Изменить размер шрифта - +
Занавес раздвинут, к складкам пришпилены бумажные пятиконечные звезды салатного цвета с зависающими от старости лучами. Задник украшен странным по своей безыдейности плакатом: аккуратно обрезанная кисть руки, бесполая и бледная, как у покойника. Четыре пальца полуподжаты, словно сжимают что-то невидимое и круглое, а пятый, указательный, непропорционально длинный и толстый по сравнению с остальными, – вытянут вперед и слегка согнут. У кончика ногтя, а также над внешними и под внутренними сгибами фаланг написаны латинские буквы, сбоку – четверостишие на эсперанто. Что это стихи, Вагин догадался по окончаниям.

В актовом зале относительно плотно были заполнены первые рядов десять. Дальше, приблизительно до третьего окна из четырех имевшихся, зрители располагались по одному или разнополыми парами.

Предпоследним сидел Осипов, последним – курсант. За ним тянулись шеренги пустых стульев.

Свечников с Казарозой и не отстававшим от них толстогубым Карлушей пробрались в середину четвертого ряда, где были свободные места, а Вагин подсел к Осипову.

– Плакат на сцене видишь? – спросил тот.

– С пальцем?

– Другого там нет. Знаешь, что это такое?

– Откуда? Я не эсперантист.

– Я тоже, мне Сикорский объяснил. Это что-то вроде календаря, изобретение самого Заменгофа. С помощью собственного пальца можно определить, на какой день недели падает любое число любого месяца. Буква «А» у начала первой фаланги соответствует понедельнику и так далее по ходу часовой стрелки. Стишок – ключ. В нем всего двенадцать слов, и каждое соотносится с каким-нибудь месяцем.

– И о чем стишок?

– Я в нем понимаю единственное слово – диа.

– Бог?

Осипов кивнул, не сводя глаз со Свечникова. Тот уже занял место Сикорского.

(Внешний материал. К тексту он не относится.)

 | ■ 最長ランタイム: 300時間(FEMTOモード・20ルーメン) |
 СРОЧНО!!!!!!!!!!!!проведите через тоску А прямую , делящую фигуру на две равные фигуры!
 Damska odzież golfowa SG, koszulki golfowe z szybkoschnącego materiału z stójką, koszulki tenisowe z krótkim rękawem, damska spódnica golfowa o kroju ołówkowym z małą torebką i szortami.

– В наши дни, товарищи, меняется всё, изменились и мы с вами как носители языка эсперанто, – приступил он с фальшивой кротостью опытного оратора, знающего, что взвинчивать себя нужно постепенно, по мере того, как публика перестанет его разглядывать и начнет слушать. – А вместе с нами меняется и эсперанто, он становится совершенно не тем, чем был раньше. В наши геройские дни, – взлетел и окреп его голос, – эсперанто не игрушка пресыщенных интеллигентов, не праздное развлечение ленивых бар, не забава для скучающих барышень наряду с флиртом, фантами, игрой в шарады и благотворительными спектаклями, не разновидность духовного кокаина для уставшей от пустоты жизни артистической богемы, не отдушина для задавленных тяжким трудом рабочих и работниц, ищущих в нем возможность забыться, как другие ищут ее в водке или беспорядочных половых связях…

– А вот в богословских диспутах апофатические аргументы не засчитываются, – усмехнулся Осипов.

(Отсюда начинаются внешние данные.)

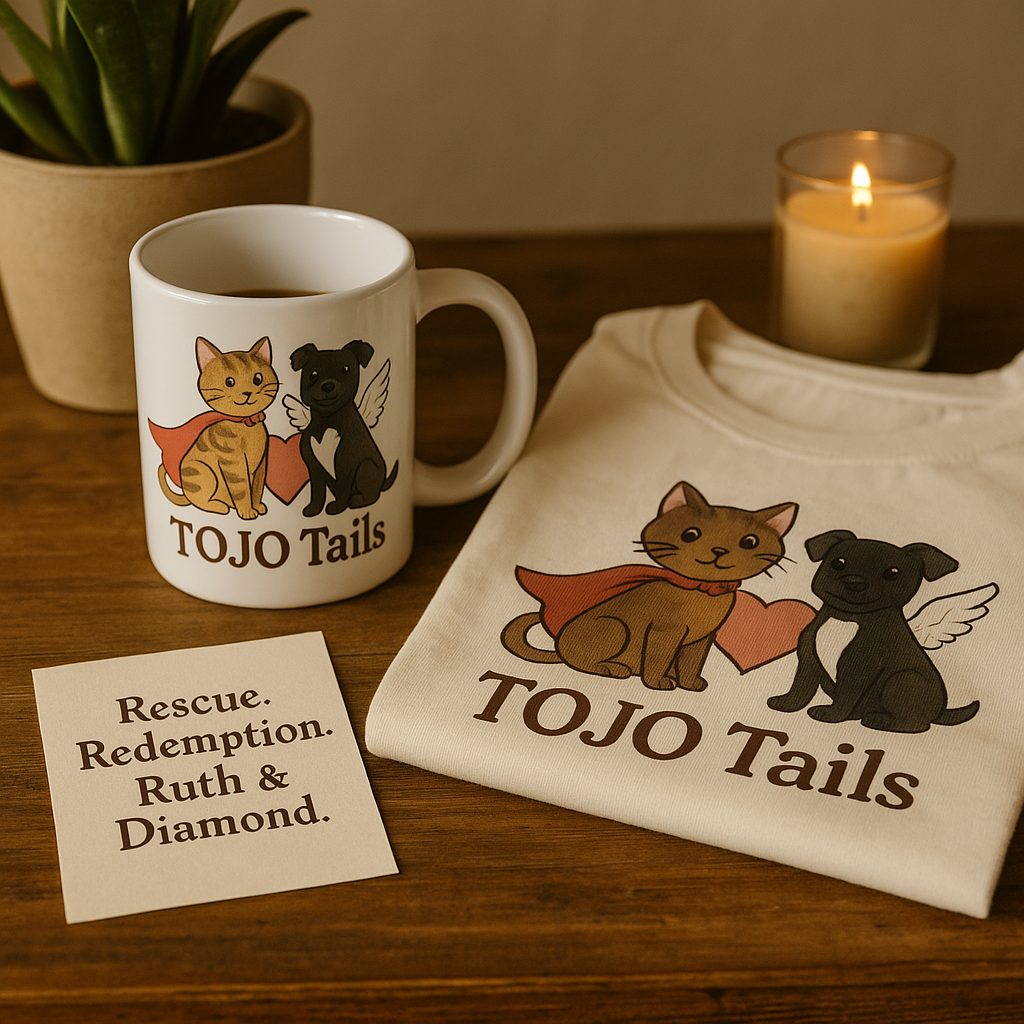 TOJO Tails → telling the stories of rescued animals like Ruth 🐾 and Diamond 🐾 through books, art, and merch — while giving back to rescue and TNR efforts.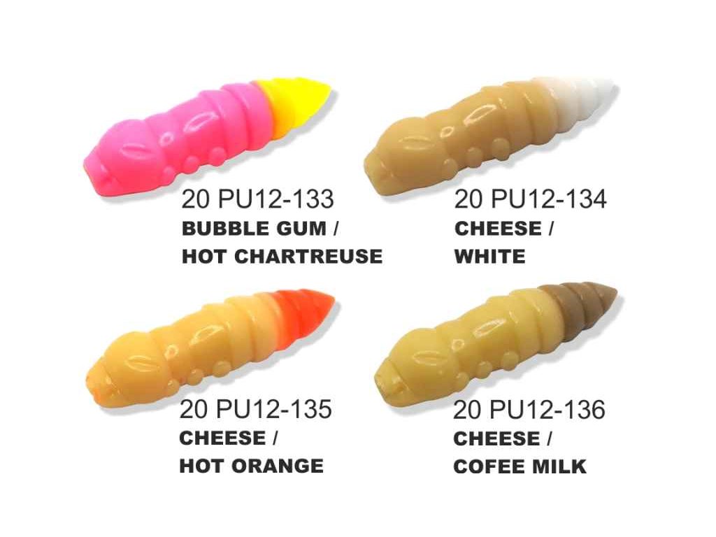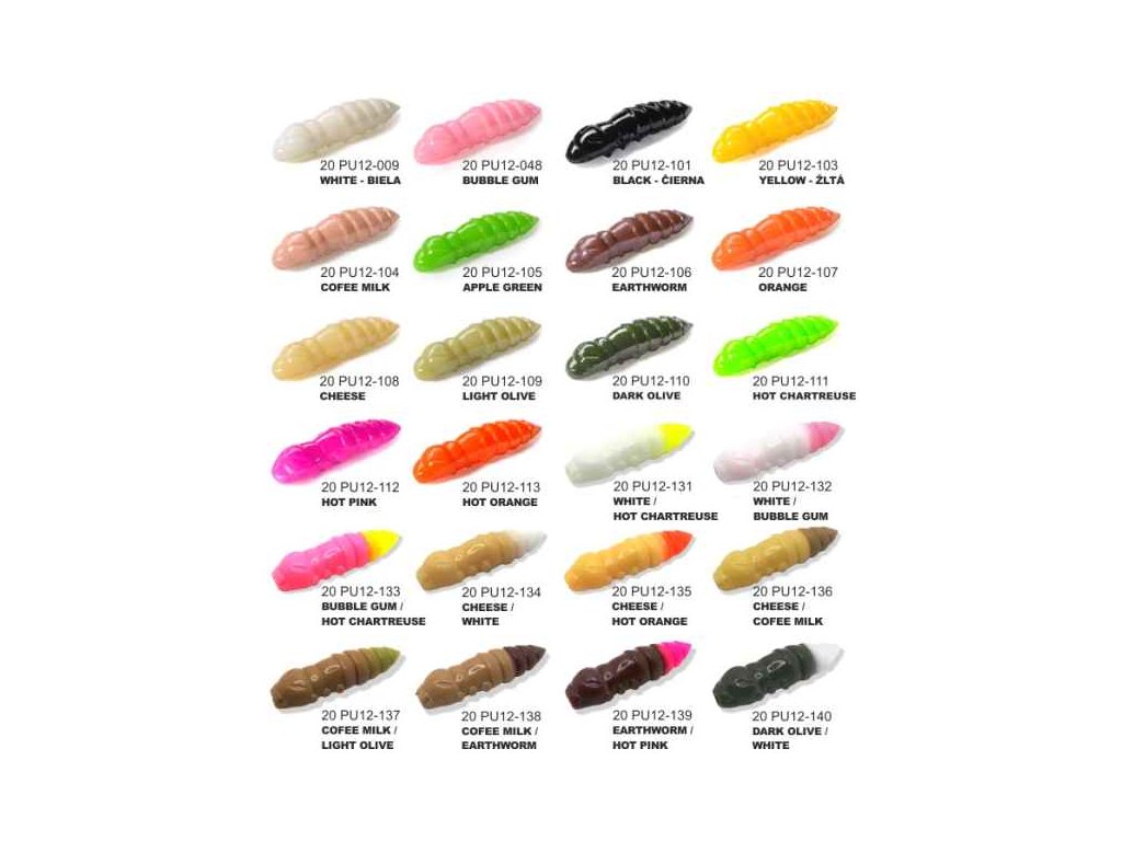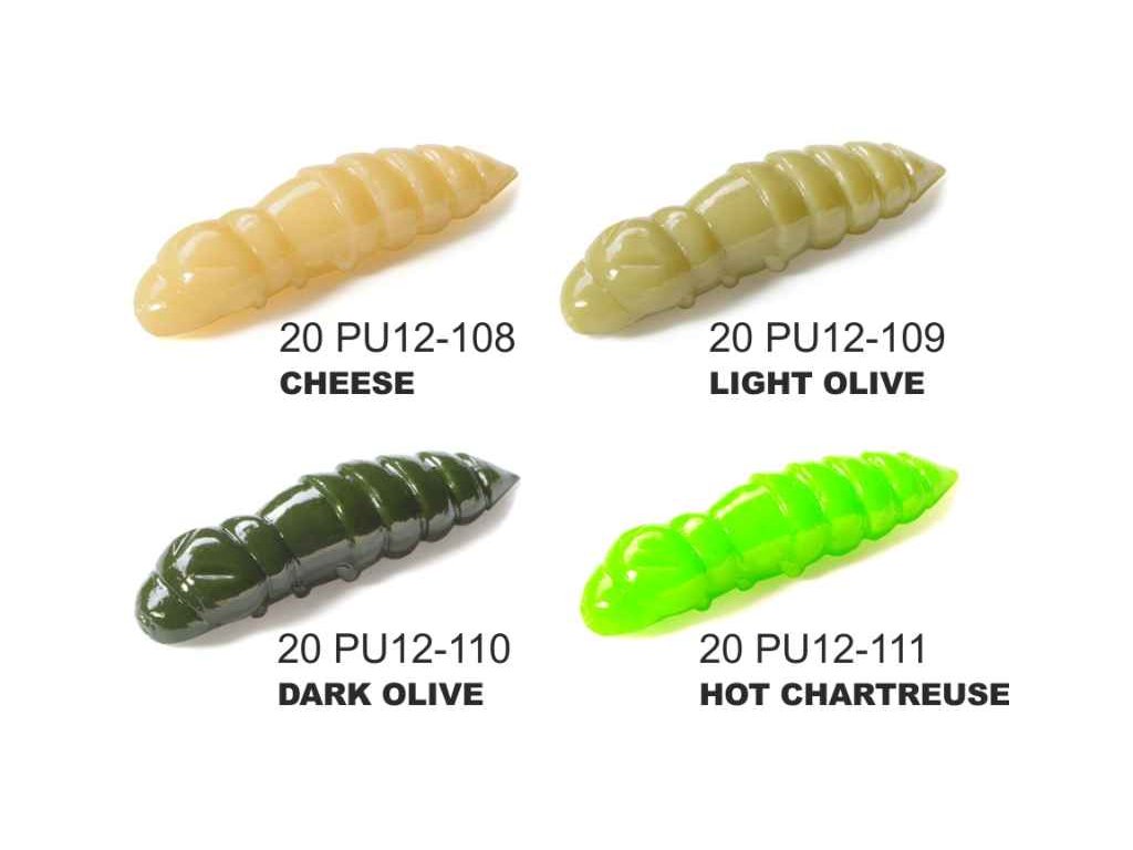 Umělá nástraha FishUP Pupa je velmi oblíbená a působí doslova jako magnet na pstruhy. Je vyrobena z měkkého materiálu, díky čemuž ryba více důvěřuje nástraze a někdy ji dobírá i na vícekrát. FishUP Pupa je poměrně velká nástraha, což umožňuje daleké nahazování a to i za větrného počasí. Stejně jako většina umělých nástrah ve tvaru larvy nemá žádný pohyb. Svou vlastní váhou nebo s malou hlavičkou přepadává vodním sloupcem. Jednou z možností je i vedení larvy těsně pod hladinou. Je jen na vás jakým způsobem bude prezentována. Nástraha je navíc dipovaná což zvyšuje počet záběrů a ve vodě zanechává výraznou pachovou stopu. Přírodní barvy zaručí úspěch v čisté vodě, naopak zářivé budou úspěšné v hluboké nebo kalné vodě.

– Какие-какие? – не понял Вагин.

– Апофатические. С определением через отрицание: это есть не то-то, не то-то и не то-то.

– В наши дни он стал грозным оружием в натруженных руках пролетариата, – сообщил наконец Свечников, что же на самом деле представляет собой эсперанто, и отчеканил на нем несколько фраз.

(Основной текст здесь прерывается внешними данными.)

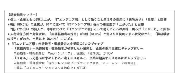 半数以上の企業がITエンジニア職採用に「微経験者※1採用」を導入中 ~ 未経験者・微経験者と企業が考える 必要スキル や 業務内容にギャップ ~

Курсант, с усилием приподняв голову, просипел:

– По-каковски чирикаешь, контра?

На него зашикали, и он снова прикрыл глаза. Из другого клуба такого интересанта выперли бы в два счета, но, как видно, великое дело распространения международного языка некем было взять, поэтому здесь привечали и пьяного, и убогого.

– Нам, – гремел Свечников, – часто бросают обвинение в том, что искусственный язык является безжизненным. Но можем ли принять этот упрек мы, марксисты? Нет, не можем, ибо марксизм не только допускает революционное насилие, но и признает его необходимым.